Страница 5 из 6
— Ну, так вот что, — продолжал руководитель области, — завтра с утра будет у вас экскурсия по роще. О впечатлениях своих и соображениях расскажите. Все. Сбор в девять. Поведет вас…
Наутро Камышов водил делегацию из ответственных работников. Человек двадцать было их, не меньше. Шли они по роще гуськом, по рангу, что ли, не забывая, кто из них есть кто, оставив черные и белые машины возле дороги. Позади всех и даже в стороне чуть, шел Камышов. Он был здесь совсем не нужен, никто не обращал на него никакого внимания, никто его ни о чем не спрашивал. Да никто и не знал, кто он такой. Камышов все это видел и понимал, ему было тошно, хотелось плюнуть и уйти. Но он обещал руководителю области повести и показать. А они прекрасно обходились без него.

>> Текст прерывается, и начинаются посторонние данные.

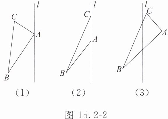 【例 1】在图 15.2 - 2 中画 $\triangle A'B'C'$,使 $\triangle A'B'C'$ 与 $\triangle ABC$ 关于直线 $l$ 成轴对称。
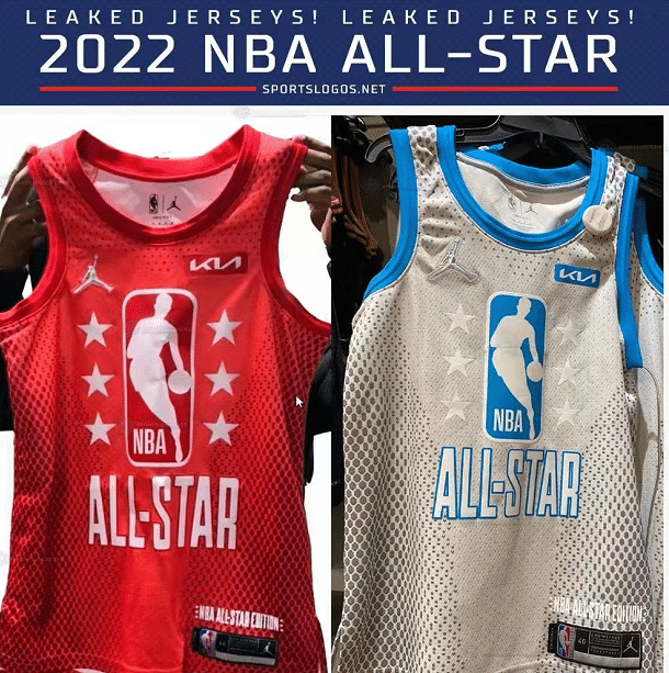 很快2022年全明星球衣曝光,不同于去年全明星东西部战袍以蓝色和黄色为主,今年全明星战袍颜色是红色和灰色,正面印有大大的NBA标志和全明星的字样,背后有75周年的元素。
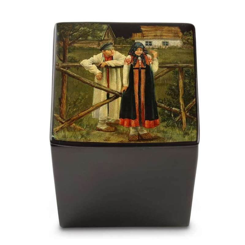 A Russian Lacquer Box "Couple at the Fence" Vishnyakov & Sons, Ostashkovo, ca. 1880
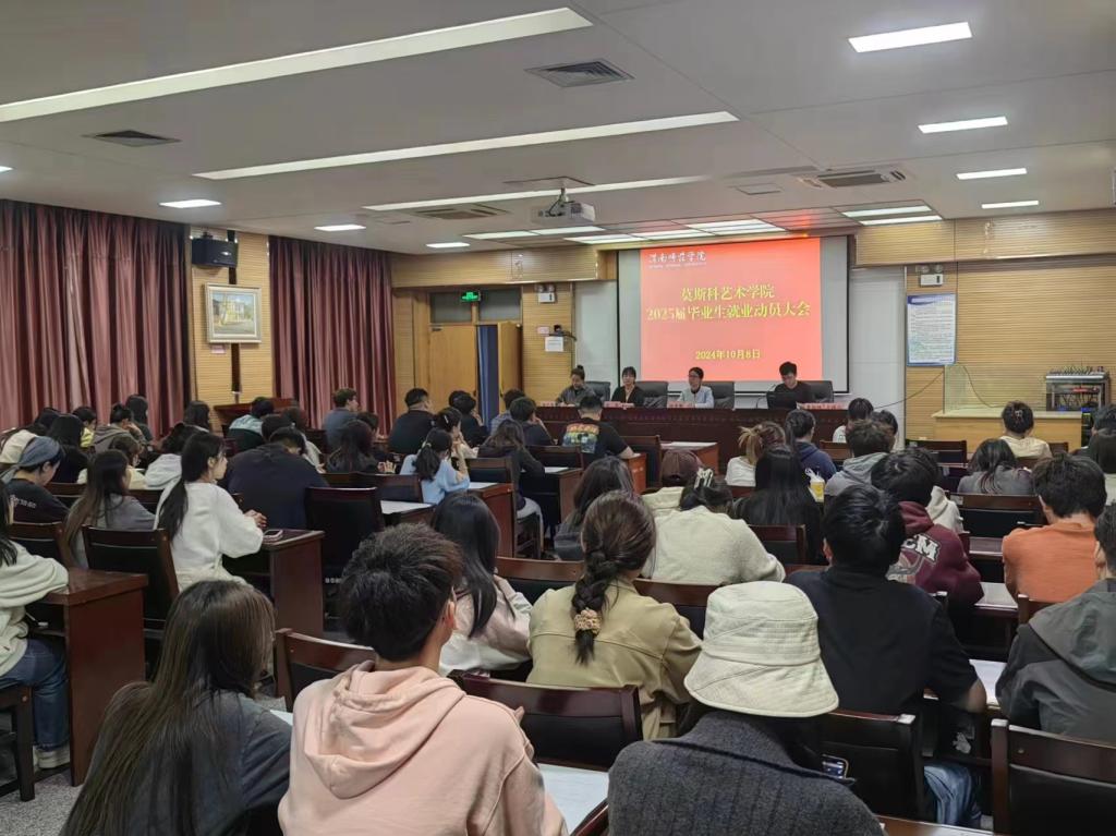 10月8日,莫斯科艺术学院在科学大讲堂召开毕业生安全教育暨就业动员大会,莫斯科艺术学院党总支副书记叶晓燕,学工办副主任段菲、辅导吴松林、师艺园及2025届毕业生200余人参加此次会议。会议由吴松林主持。
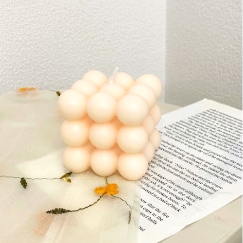 小さなボールを積み上げたような形が愛らしいキャンドルです。こちらは「apres jour×ARIAZ」のもの。
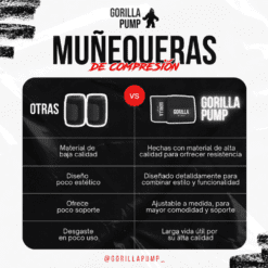 Protege y potencia tus entrenamientos con nuestras muñequeras Gorilla Pump, creadas para brindarte el soporte y la comodidad que necesitas.
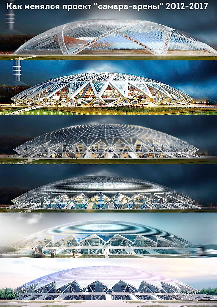 Недавно в сети появился коллаж, описывающий изменение проекта стадиона. Можно увидеть, как медленно, но верно проект упрощался и удешевлялся с течением времени.
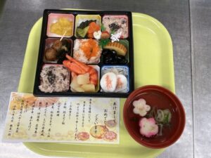 2026年01月06日 スタッフより 新年明けましておめでとうございます! お正月の様子をお伝えします!! 安立荘の調理員です(^^)/ 元旦のおせち料理です。 このように並べてみると、色鮮やかで、華やかな料理になりました。 ご利用者さんや、職員からも喜んでいただけました。 今年も厨房職員&栄養士で、安立荘の食事を盛り上げていきます(^^
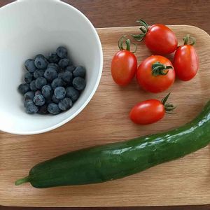 昨日は雨が降る予報だったので、赤くなったミニトマトを早めに収穫。 ついでにきゅうりとブルーベリーも。 きゅうり、初挑戦。 うん、ちょっと形悪いけど、パリパリしておいしー❗️ 今年のミニトマトはフルティカもアイコも皮は固いけど甘いです❗️ 二年目のブルーベリーも去年は育てるのを優先して花をあまりさかせなかったので、今年は豊作🌼 よきよき👍️
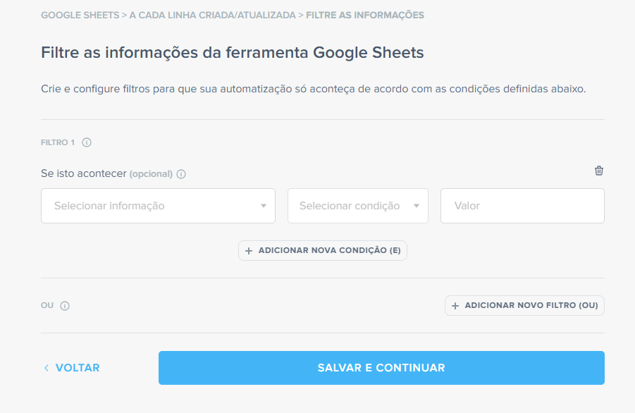 Se não precisar de filtros, basta clicar em “Salvar e continuar” para avançar.
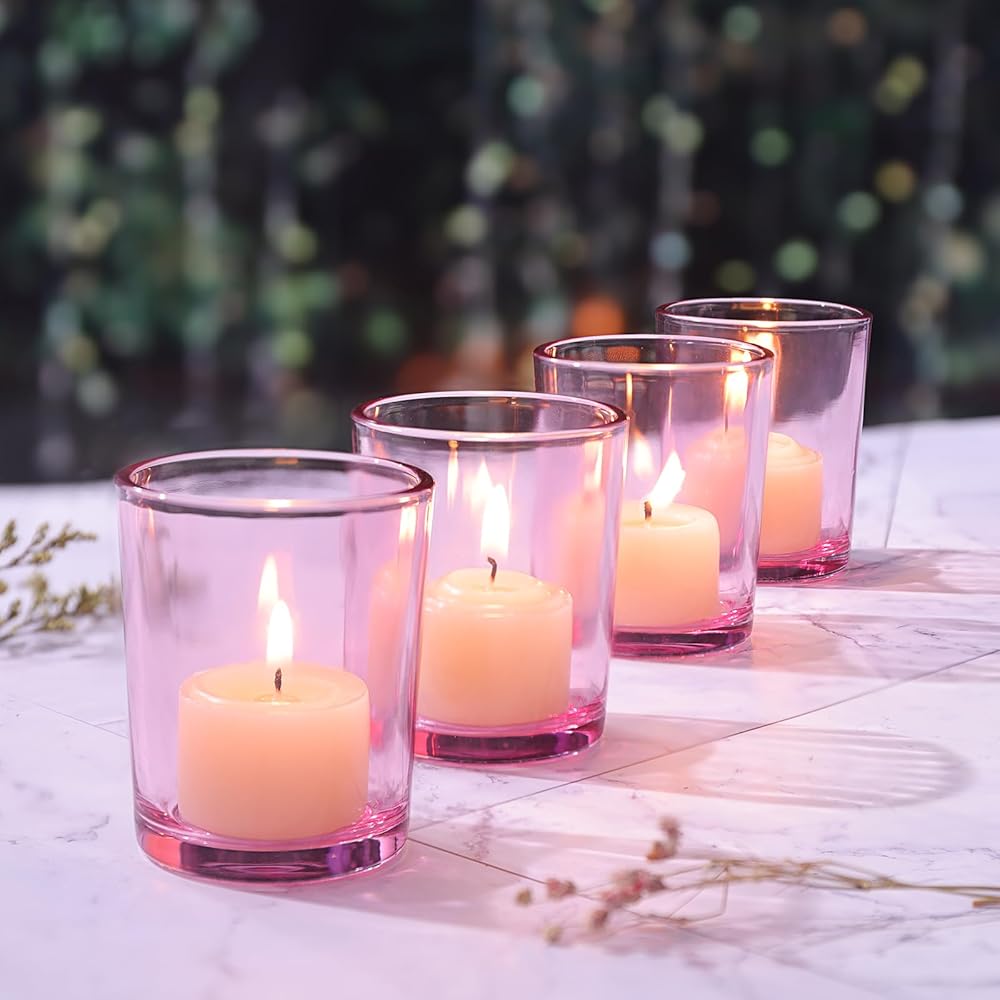 خيارات متعددة الاستخدامات يمكنك صنعها بنفسك: بحجم 2.16 بوصة طول × 2.16 بوصة عرض × 2.55 بوصة ارتفاع، يمكن لهذه الحوامل الزجاجية المطلية بالرش استيعاب الشموع النذرية أو الشموع الصغيرة، مما يسمح للعملاء بتخصيص إبداعات الشموع الخاصة بهم.
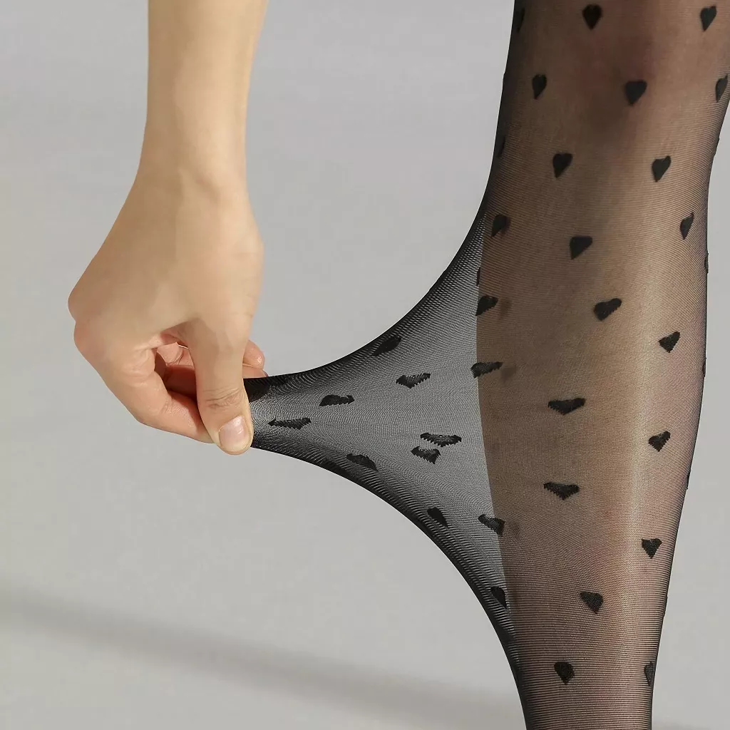 Our stockings boast a unique blend of spandex and nylon, ensuring a snug yet comfortable fit that adapts to your body. The delicate heart print pattern adds a playful yet chic touch to your outfit, making these stockings a versatile addition to your wardrobe. With their thin material, they are ideal for summer wear, offering breathability without compromising on style.

Впереди, опустив беловолосую голову, с искаженным от внутренней болезни и недовольства, что оторвали его от важных дел, лицом, быстрыми шагами двигался мэр города. Пройдя краем до оврага, не углубляясь особо, пробыв не более получаса, мэр круто повернул к машине, сказав, что ему некогда, а с рощей все ясно. За ним потянулись остальные, каждый к своей машине. Камышов ушел к роднику, лег в траву под широкий таловый куст, долго лежал, глядя в небо, слушая слабый шорох листвы. Ни о чем не хотелось думать. Через несколько дней ему опять позвонили. Самая высшая областная инстанция, среди прочих вопросов, рассматривала вопрос о состоянии рощи и других зеленых насаждений в черте города. Камышова приглашали как лицо заинтересованное. Народу сошлось порядочно, кое-кто откровенно нервничал. Вот попросили всех войти в зал. Впервые Камышов видел такой зал заседаний. Он опустился на сиденье в задних рядах. Далеко впереди, на сцене, за длинным столом сидело несколько человек, в центре — руководитель области. Он перечислил фамилии тех, кто должен был выступать.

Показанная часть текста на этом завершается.